## What the task requires
Send each entry back exactly as given, pictures excluded.

··· Record set ···

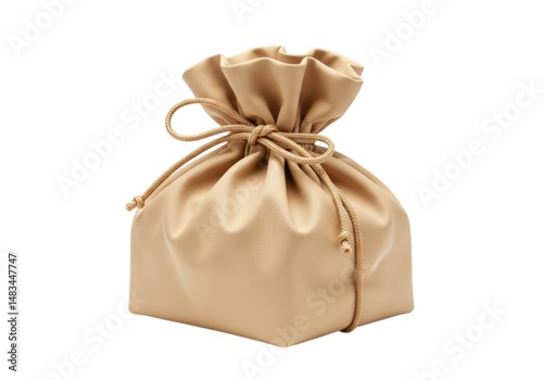 © Sarwar, Obraz premium Beige pouch with drawstring isolated on white background
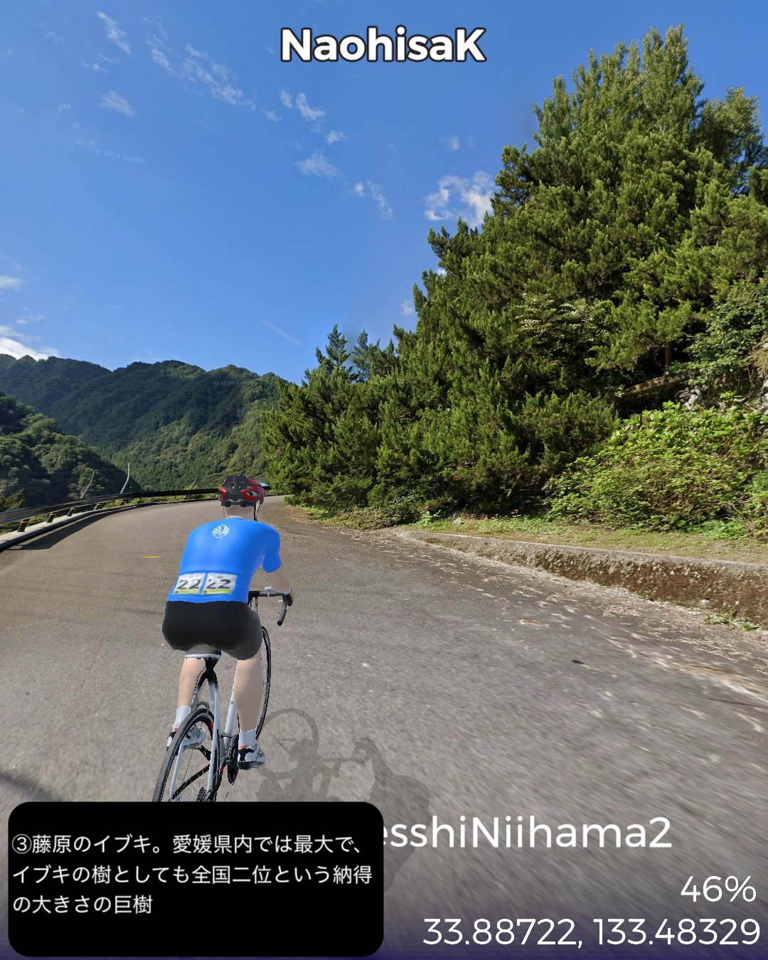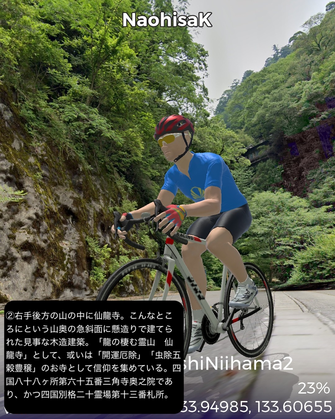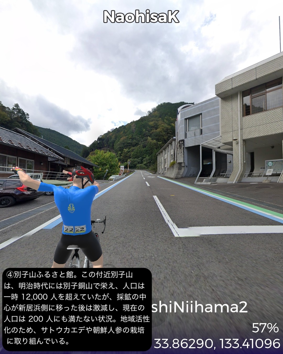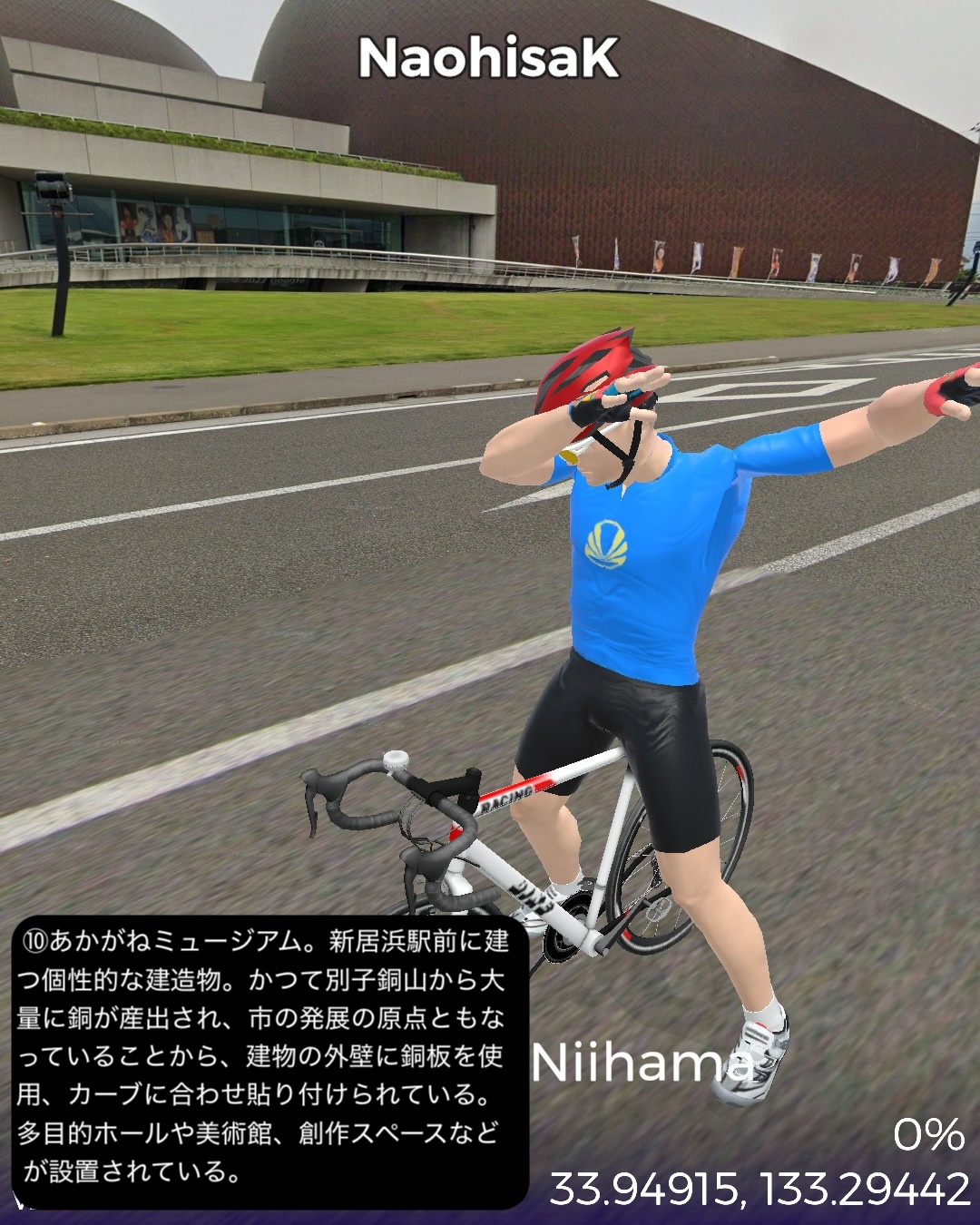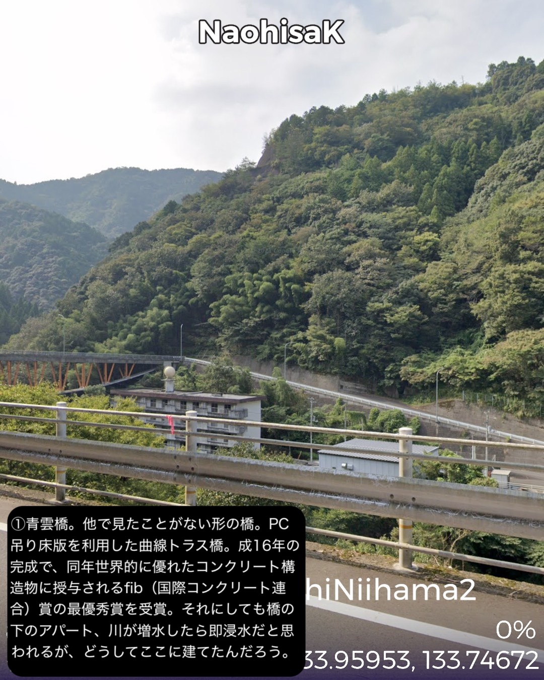 VRサイクリング。四国中央部の山間谷間をひたすら進むの巻。前々回通過地点、小歩危手前の阿波川口から吉野川支流の銅山川を遡って西へ向かう。険しい山間の渓谷、ダム、ダム湖が繰り返す銅山川を眺めつつ、新宮、藤原といった集落を通り過ぎ、別子銅山で栄えた別子山集落を越えると銅山川の源流の峠をトンネルで抜け、そこからは北へ進路を変えて一気に峠を駆け下り、瀬戸内海沿岸の産業都市新居浜へ出て、海岸沿いの工場地帯をゴールとするまたまた98kmという長丁場の行程。前回に引き続き奥深い山の険しい谷間の道が延々と続く。考えてみるとここ3回どれも長丁場だが全てほぼ吉野川とその支流を辿るルートなのだ。どんだけ吉野川というのは流域が長く広がっているのだ。それにしても前回までは観光資源としても知られている地域であったが、今回は終盤までほぼめぼしい観光資源はなく、ひたすら渓谷を遡る単調なルートで、しかもダム湖の流域が多くて自然環境的にもイマイチ見栄えも劣るので正直退屈な道筋であった。終盤は現在に至る住友財閥の基盤を作った別子銅山の史跡を垣間見る旅となった。ただ銅山関連の史跡をほとんど直接ビジュアルで確認することはできず、主に銅山周辺の自然環境や垣間見える残り香的なものを嗅ぐ程度であった。銅山の坑道や選鉱所や貯鉱庫等はほとんどより奥深い山の中や峠道に沿って点在している。走ったルート自体も非常に奥深い山中なのだが、銅山施設のあった険しい環境は想像に難くない。それでも江戸時代から始まった銅山の採掘は明治、昭和と採掘現場が南の奥深い山中から北の新居浜に近い山麓へシフトしてきていて、最後の昭和48年閉山までの採掘場付近は道の駅になっていてその文化遺産を垣間見れるような施設が併設されている。新居浜は工業都市として人口は多いようだが、駅前は結構侘しい感じで繁華街は見当たらなかった。駅から離れた場所にだだっ広いイオンモールがある程度。それより海沿いの工場地帯が町を特徴づけている感じだ。元々住友系で銅山に直結した製錬所含めた重工業が発展して、閉山後も工場の操業は続いているというわけだ。さて次回は新居浜から高松へ戻るルートを行く。
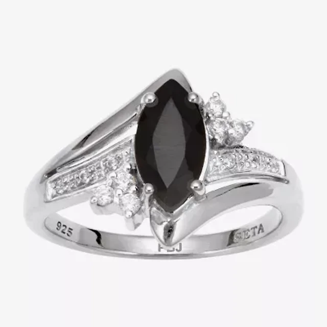 Womens Genuine Black Onyx Sterling Silver Halo Cocktail Ring
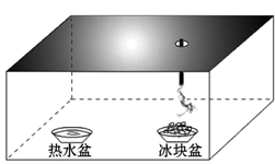某同学设计的地理实验,所需材料如下:顶层不封闭的长方形玻璃缸(长100cm、宽30cm、高40cm);塑料薄膜(在一侧开有一个小洞);一盆热水;一盆冰块;一支香;火柴。用以上材料可做一个地理事物运动过程的实验(如图),其步骤是:①把一盆热水和一盆冰块分别放入玻璃缸内的两侧; ②盖上塑料薄膜,有孔的一侧对着冰盆;③点燃香,朝下垂直从小孔插入约30cm。
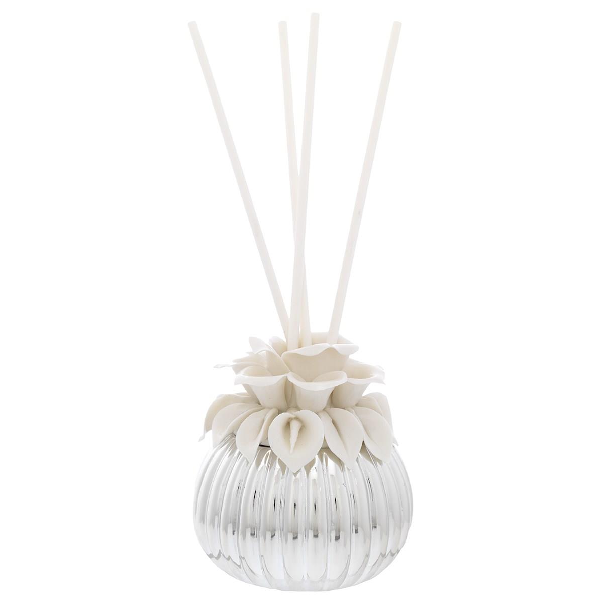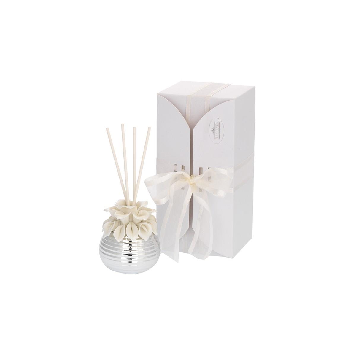 Bomboniera romantica e indicata per un matrimonio, questo diffusore per essenze possiede una raffinatezza che lo rende adatto anche per Battesimo, Comunione e Cresima. Si compone di un vasetto in resina argentata e lavorata a spicchi e di una decorazione composta da un elegante bouquet di calle in ceramica bianca. I bastoncini profumatori e l'essenza, così come la confezione per bomboniera sono inclusi. Misura 9X10.

···

## Answer section
 © Sarwar, Obraz premium Beige pouch with drawstring isolated on white background
 VRサイクリング。四国中央部の山間谷間をひたすら進むの巻。前々回通過地点、小歩危手前の阿波川口から吉野川支流の銅山川を遡って西へ向かう。険しい山間の渓谷、ダム、ダム湖が繰り返す銅山川を眺めつつ、新宮、藤原といった集落を通り過ぎ、別子銅山で栄えた別子山集落を越えると銅山川の源流の峠をトンネルで抜け、そこからは北へ進路を変えて一気に峠を駆け下り、瀬戸内海沿岸の産業都市新居浜へ出て、海岸沿いの工場地帯をゴールとするまたまた98kmという長丁場の行程。前回に引き続き奥深い山の険しい谷間の道が延々と続く。考えてみるとここ3回どれも長丁場だが全てほぼ吉野川とその支流を辿るルートなのだ。どんだけ吉野川というのは流域が長く広がっているのだ。それにしても前回までは観光資源としても知られている地域であったが、今回は終盤までほぼめぼしい観光資源はなく、ひたすら渓谷を遡る単調なルートで、しかもダム湖の流域が多くて自然環境的にもイマイチ見栄えも劣るので正直退屈な道筋であった。終盤は現在に至る住友財閥の基盤を作った別子銅山の史跡を垣間見る旅となった。ただ銅山関連の史跡をほとんど直接ビジュアルで確認することはできず、主に銅山周辺の自然環境や垣間見える残り香的なものを嗅ぐ程度であった。銅山の坑道や選鉱所や貯鉱庫等はほとんどより奥深い山の中や峠道に沿って点在している。走ったルート自体も非常に奥深い山中なのだが、銅山施設のあった険しい環境は想像に難くない。それでも江戸時代から始まった銅山の採掘は明治、昭和と採掘現場が南の奥深い山中から北の新居浜に近い山麓へシフトしてきていて、最後の昭和48年閉山までの採掘場付近は道の駅になっていてその文化遺産を垣間見れるような施設が併設されている。新居浜は工業都市として人口は多いようだが、駅前は結構侘しい感じで繁華街は見当たらなかった。駅から離れた場所にだだっ広いイオンモールがある程度。それより海沿いの工場地帯が町を特徴づけている感じだ。元々住友系で銅山に直結した製錬所含めた重工業が発展して、閉山後も工場の操業は続いているというわけだ。さて次回は新居浜から高松へ戻るルートを行く。
 Womens Genuine Black Onyx Sterling Silver Halo Cocktail Ring
某同学设计的地理实验,所需材料如下:顶层不封闭的长方形玻璃缸(长100cm、宽30cm、高40cm);塑料薄膜(在一侧开有一个小洞);一盆热水;一盆冰块;一支香;火柴。用以上材料可做一个地理事物运动过程的实验(如图),其步骤是:①把一盆热水和一盆冰块分别放入玻璃缸内的两侧; ②盖上塑料薄膜,有孔的一侧对着冰盆;③点燃香,朝下垂直从小孔插入约30cm。
 Bomboniera romantica e indicata per un matrimonio, questo diffusore per essenze possiede una raffinatezza che lo rende adatto anche per Battesimo, Comunione e Cresima. Si compone di un vasetto in resina argentata e lavorata a spicchi e di una decorazione composta da un elegante bouquet di calle in ceramica bianca. I bastoncini profumatori e l'essenza, così come la confezione per bomboniera sono inclusi. Misura 9X10.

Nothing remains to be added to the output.